The cleaning of the instrument exposes the professional to sharp points or edges on the instrument which are readily capable of penetrating the skin (stick). Such needle or instrument sticks can result in the transmission to the medical professional of serious diseases carried by the patients. Since viruses or bacteria from dental patients can be bourn by debris, mucous, etc. collected on the ends of cleaning instruments and transmitted to practitioner by accidental pricking or scratching of the skin with potentially serious consequences, any measure for reducing the opportunity for casual instrument sticks in the dental field is desirable.
Additionally, it is frequently necessary for the practitioner to hold the handle of the angled mirror in the one hand while the other hand is manipulating an operative instrument in order to achieve through reflection a better view of the site in the mouth being treated. Such mirrors inevitably collect moisture and “fog over” from the high humidity environment of the mouth and require periodic wiping to restore a clear view. Up until now, the mirror surface has been wiped in basically the same manner as for working instruments (other than the difference in hands) which interrupts the concentration of the practitioner and consumes valuable time.

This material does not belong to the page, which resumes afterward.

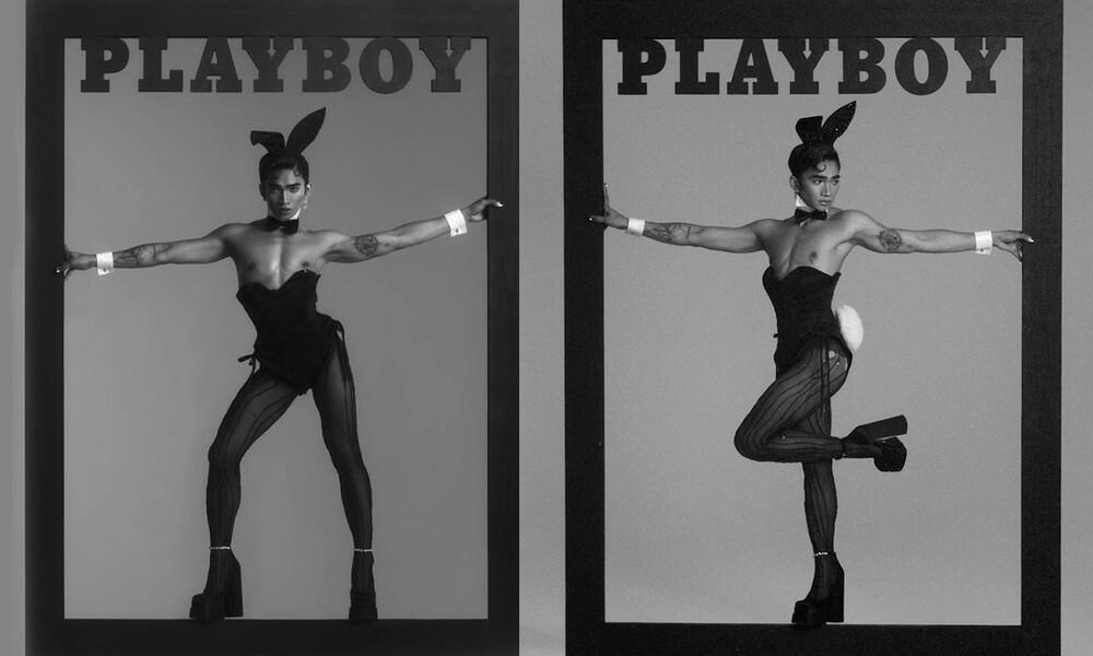 Ο 23χρονος influencer, εμφανίζεται στο digital εξώφυλλο σαν άλλο «κουνελάκι», φορώντας τον κλασικό μαύρο κορσέ, αυτιά και το παπιγιόν.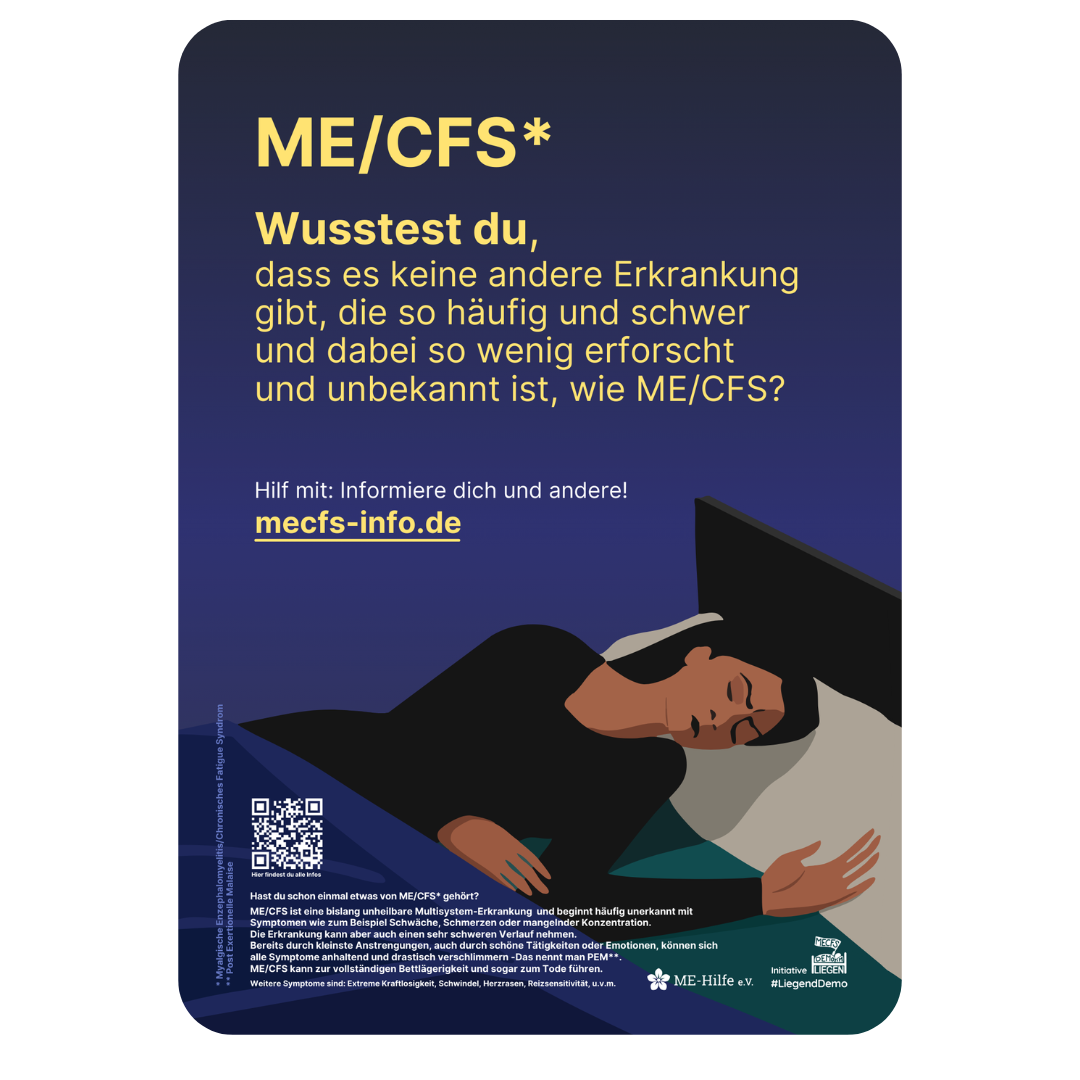 Myalgische Enzephalomyelitis (ME) ist eine schwere, chronische, neuroimmunologische Multisystemerkrankung. Sie beginnt häufig nach einem viralen Infekt (z. B. Pfeiffersches Drüsenfieber oder COVID-19) und führt oft zu einem hohen Grad körperlicher Behinderung.

Intraoral cameras known in the art include both stand-alone types and miniature cameras for attachment to a piece of dental equipment, such as a mirror or drill. For example, U.S. Pat. No. 6,592,371 discusses systems and methods for generating a three-dimensional (3D) model of a structure that include coating the structure with a luminescent substance to enhance the image quality, the luminescent substance having an excitation range; and capturing one or more images of the structure through at least one image aperture each having a frequency sensitivity, wherein the frequency sensitivity of each image aperture is maximized for the luminescent material emission range.
In one aspect, a dental device includes a housing adapted to be positioned over one or more teeth, the housing having a movable dental head adapted to access different areas of the one or more teeth; one or more cameras to capture images of the one or more teeth; one or more dental instruments coupled to the dental head to operate on the one or more teeth; and a conduit to remove debris generated during an operation.
In another aspect, a method for working on the teeth includes displaying images captured by the camera on a screen; receiving an input device responsive to a user command during the operation; moving the dental head in response to the user command; and actuating the dental instruments in accordance with the user command.
Implementations of the above aspects may include one or more of the following. A fluid source and a fluid conduit can be operatively connected between said fluid source and the head. The fluid source is either air or water. The one or more dental instruments include a burr, a scaler, a scraper, a pick, or a drill. The dental instruments are interchangeable. One or more light sources can be used to illuminate the teeth surfaces. The dental instruments are actuated independently of each other. A motor can be used to move the dental head. Another motor can be used to tilt the dental instruments. A joystick can be used to maneuver the head and a button can be used to activate the dental instrument.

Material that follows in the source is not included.